Summary:  There is no problem at all with the visibility -- to their would-be users webwide -- of the 15% of articles that are already being self-archived in IRs. But there definitely is a problem with the visibility of that visibility and usage -- to the authors of those articles -- and especially to the authors of the other 85% of articles, the ones that have not yet been self-archived (as well as to their institutions and funders, who have not yet mandated that they be self-archived, to make them Open Access [OA]).   

Hence OA metrics -- the visible, quantitative indicators of the enhanced visibility and usage vouchsafed by OA -- have to be made directly visible to all, immediately and continuously (rather than just being published in the occasional study); and not only absolute metrics but comparative ones. That will make the greater visibility of the self-archived contents visible, thereby providing an immediate, continuous and palpable incentive to self-archive, and to mandate self-archiving.    

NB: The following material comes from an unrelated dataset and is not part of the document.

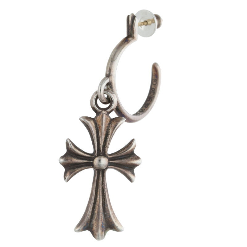 - クロムハーツ ピアス TINY CH CROSS タイニーCHクロスフープ シルバーピアス 中古 FK04
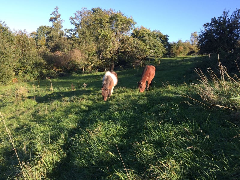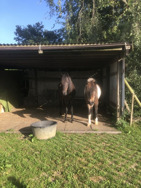 Wir bieten dir für dein Pony oder Kleinpferd bis 1,50m einen Platz bei unseren beiden älteren Rentnerponys (Wallache) in ruhiger Offenstallgruppe mitten im Grünen. Im Sommer geht es bis 24/7 auf die Weiden mit schattenspendenden Bäumen, Zugang zum kühlen Unterstand und natürlich Wasser. Im Winter können sich die Ponys auf mehr als 1.000qm frei bewegen und haben in Stall, Paddock und Trail verschiedene Untergründe. Zu fressen bekommen sie Heu oder Heulage ad libidum und bis zu zweimal täglich Zusatzfutter. Ein Mineralleckstein steht zur freien Verfügung. Der Stall ist von einem weitläufigen Ausreitgelände umgeben. Den Bewegungsplatz und eine ebene Weide kannst du für Übungen nutzen. Ein richtiger Reitplatz befindet sich 10 Minuten zu Pferd entfernt. In der Scheune neben dem Anbindeplatz kannst du Ausrüstung und Futtertonnen unterbringen. Wasser, Strom und eine Komposttoilette sind vorhanden. Liebe Hunde und Kinder sind willkommen. Da die Ponys bei uns hinterm Haus stehen, haben wir sie immer im Blick und können auf individuelle Bedürfnisse eingehen. Daher wäre auch eine komplette Versorgung deines Ponys möglich, wenn du z.B. weiter weg wohnst oder wenig Zeit hast. Wenn du Fragen hast, schreibe uns gerne!

These are the kinds of visibility metrics that Arthur Sale at U. Tasmania, Les Carr at Southampton, Leo Waaijers at SURF/DARE and Tim Brody's citebase have been working on providing. The biggest showcase and testbed for all these new metrics of productivity and prestige, and of OA's visible effects on them, will be the 2008 UK Research Assessment Exercise. Then universities and research funders will have a palpable sense of how much visibility, usage, impact and income they are losing (absolutely, and to their competitors), the longer they delay mandating OA self-archiving.